Paul Newsome (Analyst)
No, that that's helpful and interesting. You know, I've heard thoughts and talk of regulatory pressure for pricing because of the tort reform coming, you know, not necessarily this year, but maybe next. But then I hear the other side, too, that you know, it's been such a tough environment for so long that things will hold on for a long time. Where do you fall in that conversation? Do you see pressure building for sort of an offset for the tort reform? You know, you do hear people talk about concerns about the affordability of policies, just thinking of yourselves in Florida and the impact that may have on what the regulators want to do.
Stephen J. Donaghy (CEO)
Yeah, there's a lot in that question to unpack, Paul. You know, I think from an affordability perspective, that is an issue across the state of Florida right now, and, you know, certain segments of the market continue to go to the E&S market where, you know, rates are extremely high. We traditionally, you know, even in 2023, we looked at our rate indication, and we took less as a submitted rate request as a result of the tort reform, because we felt good about what was coming through the book.
We're just kicking off our rate analysis as we speak for 2024, and when we get the final figures in, you know, we'll take a look at that and try and do what's best, for the market, for ourselves, for our shareholders, and for our insureds and try and do the right thing. When you talk about pressures, you know, I think the state of Florida has done a very good job with the tort reform, and, we're appreciative of that. Could they have gone a little further? Perhaps. Did they go too far? I don't think so. So I think as we look in the future, you know, we'll try and take all those measures into account and do the right thing, but we don't feel. There's nobody calling or suggesting anything to us that...
You know, we're not getting any undue pressure, so to say, at this point.
Paul Newsome (Analyst)
Fantastic. Yeah, congratulations.
Stephen J. Donaghy (CEO)
Yeah, thanks, Paul. Have a great day.
Operator (participant)
Thank you. One moment for our next question. Our next question comes from the line of Nicolas Iacoviello of Dowling & Partners. Your line is now open.
Nicholas Iacoviello (Analyst)
Thanks, guys. Nice quarter. I was just wondering, first off, was there any net prior year development recognized in Q1?
Stephen J. Donaghy (CEO)
Nothing on a net basis. Negligible on a direct.

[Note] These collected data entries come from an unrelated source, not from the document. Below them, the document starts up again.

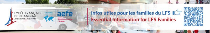 Le Lycée Français de Shanghai est une école internationale qui propose un environnement international et multiculturel unique, avec des élèves issus de 60 nationalités. En proposant un cursus varié, nous permettons à nos élèves de définir leur propre projet éducatif et de se construire un chemin vers la réussite, quelle que soit leur origine culturelle. Avec notre offre linguistique, nos résultats académiques excellents, nos nombreuses activités extrascolaires, dans un réseau d’écoles d’exception, nous faisons la différence ! Découvrez les atouts du LFS !
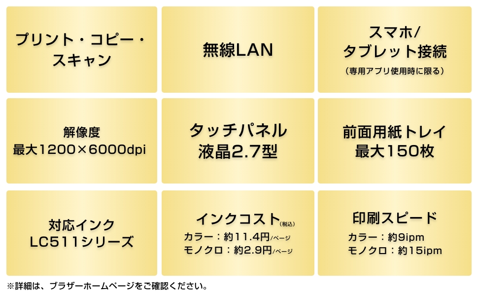 無線LAN・自動両面印刷・タッチパネル液晶搭載。標準的な機能をそろえたシンプルモデル
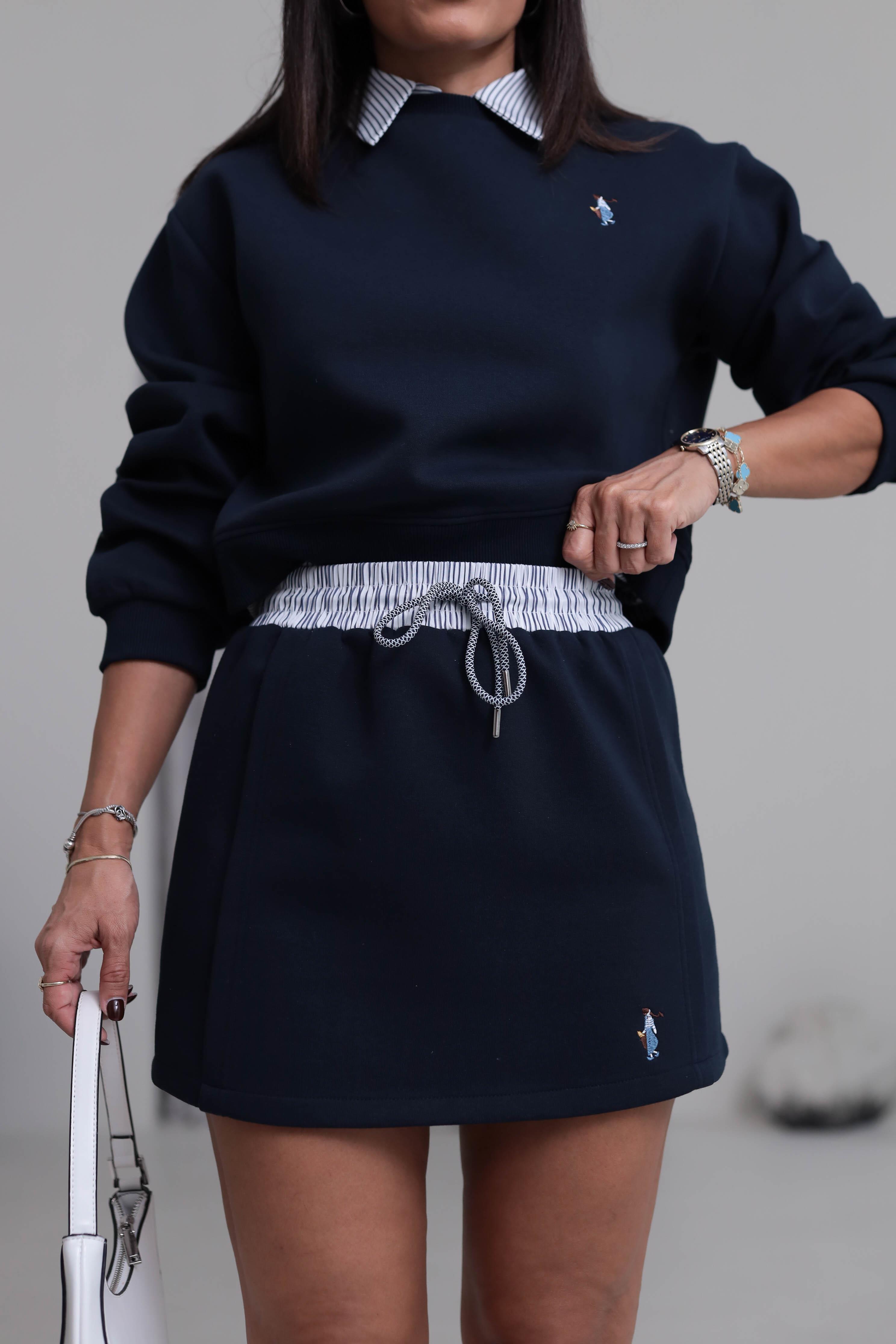0780 Bel Lastikli Bağcıklı Sweat Etek LACİVERT (P-000007482)
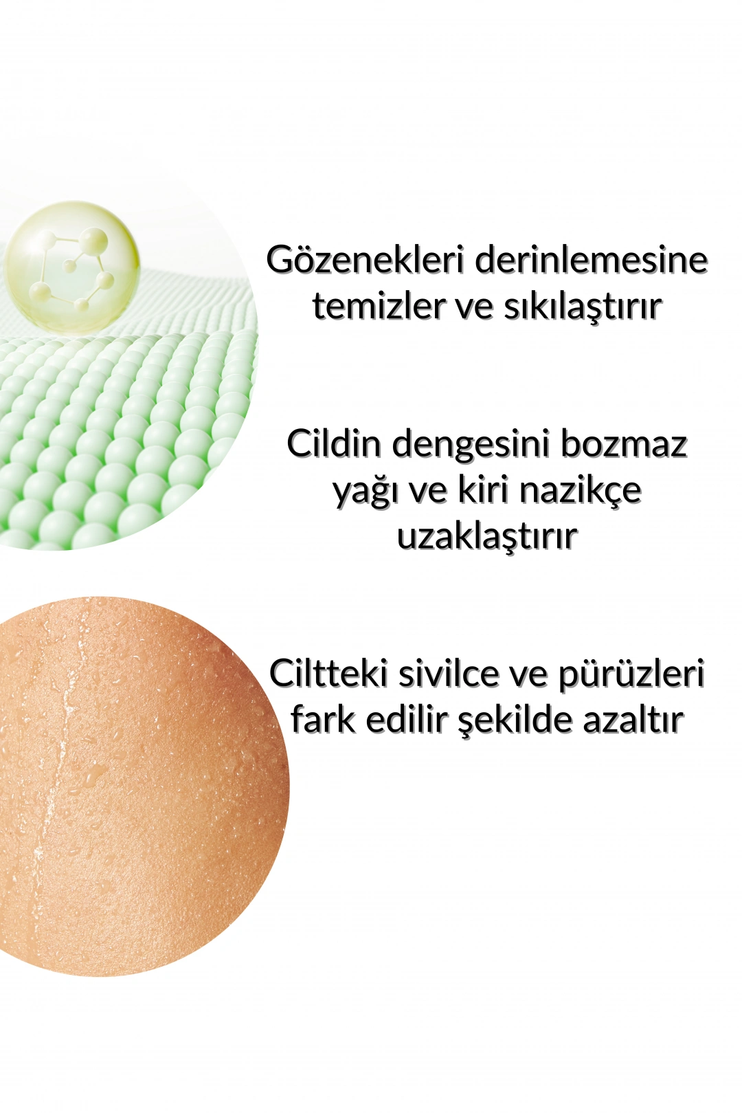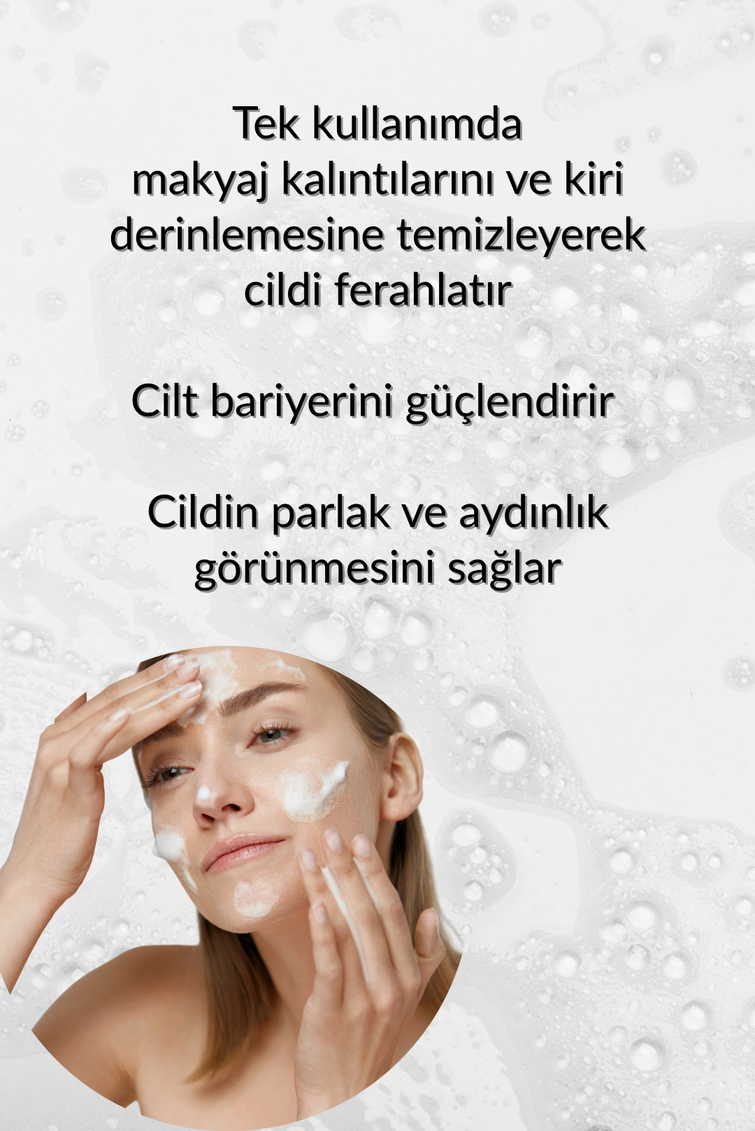 Ciltteki Etkisi Cildi derinlemesine temizler, gözenekleri arındırır. Makyaj ve kir kalıntılarını tek seferde uzaklaştırır. Ciltteki fazla yağı dengeleyerek sivilce oluşumunu önlemeye yardımcı olur. Cildi kurutmadan tazelik ve ferahlık sağlar. Düzenli kullanımda cilt daha pürüzsüz, canlı ve dengeli bir görünüme kavuşur.

Nicholas Iacoviello (Analyst)
Got it. Thank you. And I know we'll get more details towards the end of May, but I was just wondering on the comment on the reinsurance program being fully supported and secured. Does that currently assume a similar cat retention as the program placed last year?
Stephen J. Donaghy (CEO)
Yeah, if you're referring to the use of the Isosceles, yeah, Nick, that would be consistent with last year. And we feel as though that was the right thing to do based on cost and capital utilization from the parent. So, yeah.

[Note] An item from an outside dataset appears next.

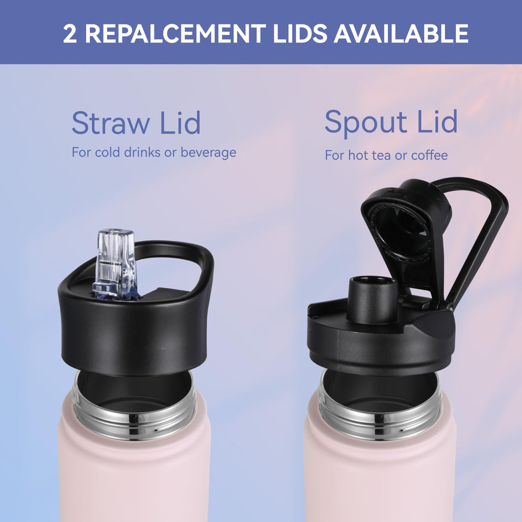 • Spout Lid and Straw Lid: This water bottle comes with 2 lids: an innovative leak-proof spout lid and a newly improved straw lid that has been enhanced for better flow. You can choose suitable lid based on different situations, which increases your options.The wide mouth design makes it very convenient for adding ice or cleaning the inner walls of the bottle
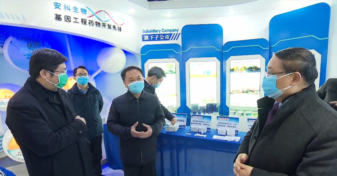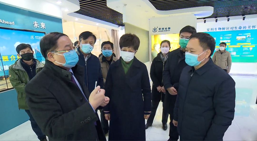 2 月 17 日,安徽省委副書記、省長李國英率省發(fā)改委、省衛(wèi)健委、省科技廳、省藥監(jiān)局有關部門負責同志赴安科生物、合肥大基因中心調(diào)研新冠肺炎疫情防控科研攻關工作。省政府秘書長白金明,合肥市委副書記、市長凌云陪同調(diào)研。

Nicholas Iacoviello (Analyst)
Okay. Makes sense. Thank you. That's all I had.
Stephen J. Donaghy (CEO)
All right. Thanks, Nick. Have a good day.
Operator (participant)
Thank you. This concludes the question and answer session. I would now like to turn it back to Steve Donaghy, CEO, for closing remarks.
Stephen J. Donaghy (CEO)
Thank you. I'd like to thank our associates, our consumers, agents, and our stakeholders for their continued support of Universal. Wish you all a great day. Thank you.
Operator (participant)
Thank you for your participation in today's conference. This does conclude the program. You may now disconnect.